In interim preliminary injunction proceedings, the District Court of The Hague has dismissed a request by Ericsson for an anti-anti-suit injunction against Apple. However, the parties await a decision on 18 November in the main proceedings, whereby the court will rule on the same claims.
27 October 2021 by Amy Sandys
In a dispute between Ericsson and Apple, the District Court of The Hague has ruled that Ericsson is not entitled to an undertaking of an anti-anti-suit injunction against Apple. However, the story is not over. Presiding judge Edgar Brinkman, who ruled on the interim PI proceedings, will determine a final decision in the main preliminary injunction proceedings on 18 November 2021.
On 4 October 2021, the Dutch court granted an ex-parte AASI against Apple for five days. This was to protect any potential legal proceedings Ericsson initiated against Apple in the Netherlands. Then an inter-parte oral hearing followed on 8 October 2021, in which Apple rebutted the previously-granted ASI.
Here, the preliminary relief judge decided not to maintain the provisional AASI measure until the main proceedings later in November. During the oral hearing, Apple stated that it had never before requested an ASI and has no intention of doing so in the current dispute. As such, presiding judge Brinkman lifted the AASI, judging there to be no threat by Apple against Ericsson to justify an AASI for the remainder of the preliminary relief proceedings.
An oral hearing in main proceedings will take place in the middle of November, meaning a chance remains that the judge could indeed grant Ericsson’s requested AASI. While Germany was previously in the limelight for its ASI activity, eyes are now on the Dutch courts in case of future moves by Apple.
Currently litigation between the parties is ongoing in the US. JUVE Patent is unaware of parallel proceedings in other European countries.
ASIs and AASIs are starting to become par for the course in European patent proceedings. The latest decision by the District Court of The Hague, despite not going in Ericsson’s favour, does not rule out the future possibility of the court granting an AASI. However, the way in which different European courts approach the legislation can differ, even within the same country.
For example, usually in German ASI proceedings, a continuous or imminent risk of infringement must precede the injunction claims. This includes the need for the defendant to provide a concrete indication of imminent or planned infringement.
But, in a recent case between HEVC Advance members and Xiaomi, the Regional Court Düsseldorf upheld a first-instance decision. This was granted without the suing parties presenting such evidence.
Such a pre-emptive AASI granting was new ground for the Düsseldorf court, although the German judiciary is becoming more vocal in such matters.
Regardless, an AASI without an ASI remains rare. Although Düsseldorf was the main forum for the entire HEVC vs. Xiaomi proceedings, some observers considered it an unusual forum to bring ASI and AASI suits, because Munich is the usual go-to court for such cases.

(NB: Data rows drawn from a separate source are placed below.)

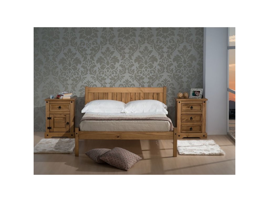 materiál masiv borovice voskovaná v medovém odstínu rošt je součástí dodávky doporučený rozměr matrace 140 × 200 cm součást sestavy CoronaDodatočné parametre
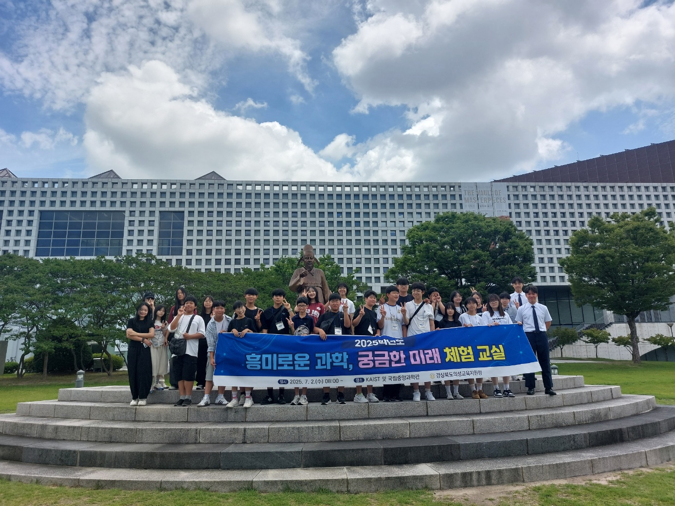 경상북도의성교육지원청(교육장 이우식)은 7월 2일(수) 08시부터 KAIST 및 국립중앙과학관에서 자유학기 공동 교육과정 지원의 하나로 관내 중 1학년 학생 25명을 대상으로 과학계열 진학 진로 체험 프로그램을 실시하였다.
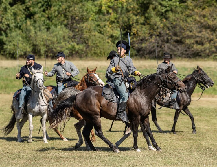 Cavalry skirmishes will join in the Battles of Gettysburg. Games and crafts for kids will be on the lawn. The Grey Barn Saloon will be open for cold beverages and tavern vittles and treats. Sword demonstrations will include lessons on swordsmanship, and an exhibit of antique military weaponry will be displayed.
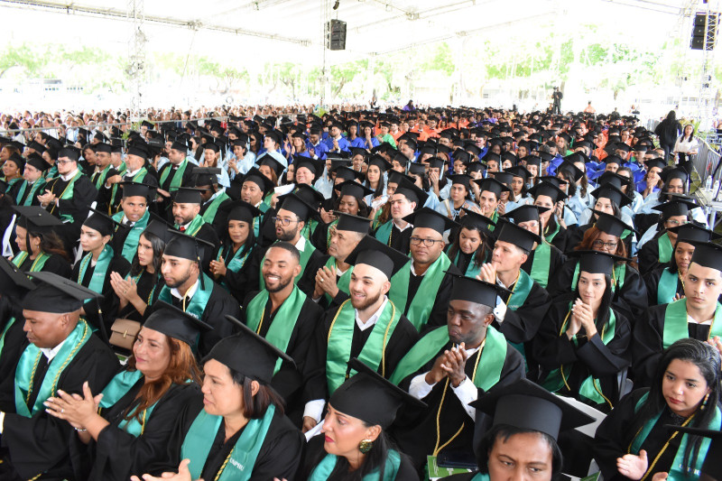 La ceremonia de graduación se realizó en dos jornadas. Este jueves correspondió al campus Santo Domingo, donde fueron investidos 572 estudiantes de grado; 100 títulos de posgrado, y el próximo sábado, en el recinto La Vega, serán entregados 93 títulos.

Depending on the outcome in November, the court in The Hague could be next in-line for this accolade.
Taylor Wessing has a close relationship with Ericsson in the Netherlands. For example, the firm also worked with the telecommunications giants in the now-settled litigation against Samsung.

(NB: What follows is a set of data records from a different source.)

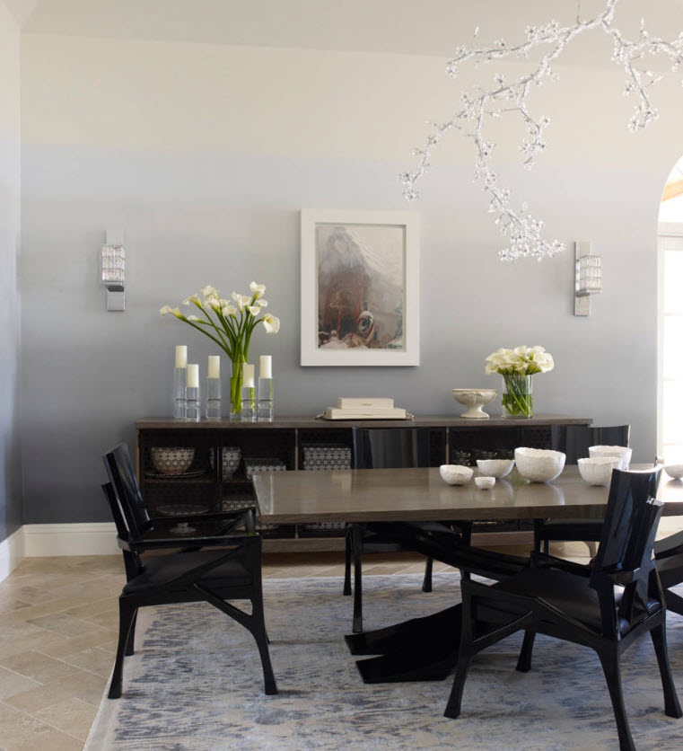 - Lorsque vous vous trouvez dans un cadre luxueux et que vous souhaitez le souligner à l'aide de l'attribut éclairage, mais que la pièce a des plafonds bas, vous pouvez acheter un lustre en cascade avec de petits éléments en cristal suspendus. Cependant, la surface de la pièce doit être grande pour qu’un tel produit ne paraisse pas trop volumineux. Voici un autre exemple pour les fans de lustres en cristal:
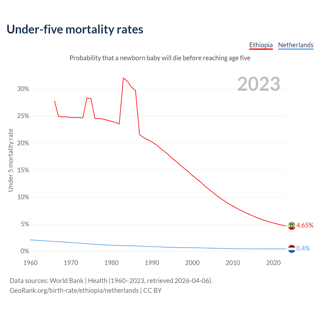 The chance that a newborn baby will die before reaching age five is 4.65% in Ethiopia and 0.4% in the Netherlands. Above is a chart with historical data on under-five mortality rates.
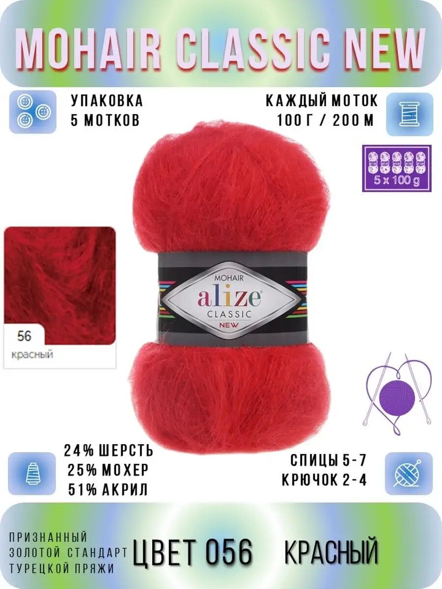 Пряжа ALIZE "Mohair classic new", 100 гр 200 м, 25% мохер, 24% шерсть, 51% акрил, 56 красный, 5 шт

However, Hoyng ROKH Monegier’s appearance for Apple in these proceedings comes as somewhat of a surprise. In the Netherlands, usually the US mobile communication company relies on Hogan Lovells or Freshfields Bruckhaus Deringer for its litigation. On the other hand, Hoyng’s German team has appeared for Apple before in its dispute with Qualcomm, led by partner Klaus Haft.
In the Netherlands, Theo Blomme and Peter van Schijndel lead the case for Apple.

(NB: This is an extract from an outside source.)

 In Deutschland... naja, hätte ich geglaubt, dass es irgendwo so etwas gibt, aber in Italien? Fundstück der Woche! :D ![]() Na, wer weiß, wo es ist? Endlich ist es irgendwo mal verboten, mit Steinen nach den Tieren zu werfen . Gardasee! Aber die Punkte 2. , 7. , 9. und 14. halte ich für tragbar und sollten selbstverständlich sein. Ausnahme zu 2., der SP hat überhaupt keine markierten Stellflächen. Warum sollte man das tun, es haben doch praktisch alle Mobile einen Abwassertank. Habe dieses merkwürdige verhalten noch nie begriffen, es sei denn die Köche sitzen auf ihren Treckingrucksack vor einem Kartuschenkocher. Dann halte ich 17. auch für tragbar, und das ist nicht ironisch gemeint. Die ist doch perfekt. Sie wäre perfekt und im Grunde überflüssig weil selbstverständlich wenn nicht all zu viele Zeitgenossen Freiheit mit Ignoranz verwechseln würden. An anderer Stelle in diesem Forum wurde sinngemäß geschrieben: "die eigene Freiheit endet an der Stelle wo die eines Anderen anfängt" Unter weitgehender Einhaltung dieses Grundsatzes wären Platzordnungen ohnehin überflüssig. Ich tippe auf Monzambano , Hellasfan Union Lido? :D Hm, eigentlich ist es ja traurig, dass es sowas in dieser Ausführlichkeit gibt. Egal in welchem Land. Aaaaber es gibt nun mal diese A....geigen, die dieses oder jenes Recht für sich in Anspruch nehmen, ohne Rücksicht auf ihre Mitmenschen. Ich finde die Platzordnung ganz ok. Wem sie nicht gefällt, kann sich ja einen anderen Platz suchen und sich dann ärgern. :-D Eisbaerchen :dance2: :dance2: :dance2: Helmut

Taylor Wessing (Eindhoven): Wim Maas (partner, lead); associates: Eelco Bergsma (counsel), Nicky Willemsen, David Mulder (Amsterdam)
Hoyng ROKH Monegier (Amsterdam): Theo Blomme, Peter van Schijndel (partners); associates: Akiva Friedmann, Nathalie Rodriguez Arigon
District Court of The Hague, the Netherlands
Edgar Brinkman (presiding judge)
Update 20.12.2021: The District Court of The Hague confirmed its interim PI judgement on the 16 December. Previously, on 18 November, the court heard the parties’ opinions in an oral hearing. The judges dismissed Ericsson’s claim to render a pre-emptive AASI against the iPhone manufacturer, after Apple had expressed it will not grant an ASI against Ericsson anywhere. Ericsson can now appeal the verdict within four weeks after publication.
In general, the judge pointed out that the court is competent to hear such a case and is authorised to grant a cross-border, pre-emptive AASI. Contrary to German courts, however, the Dutch judges do not see ASIs as per se unlawful if a party requests to prevent the other side from breaching a covenant not to sue.
In the last few weeks, pre-emptive AASIs are seemingly increasingly popular. Sources told JUVE Patent that they became a standard move in FRAND disputes – especially at the Munich Regional Court against Chinese companies. The UK High Court ordered also a pre-emptive AASI in the FRAND dispute Philips against Xiaomi.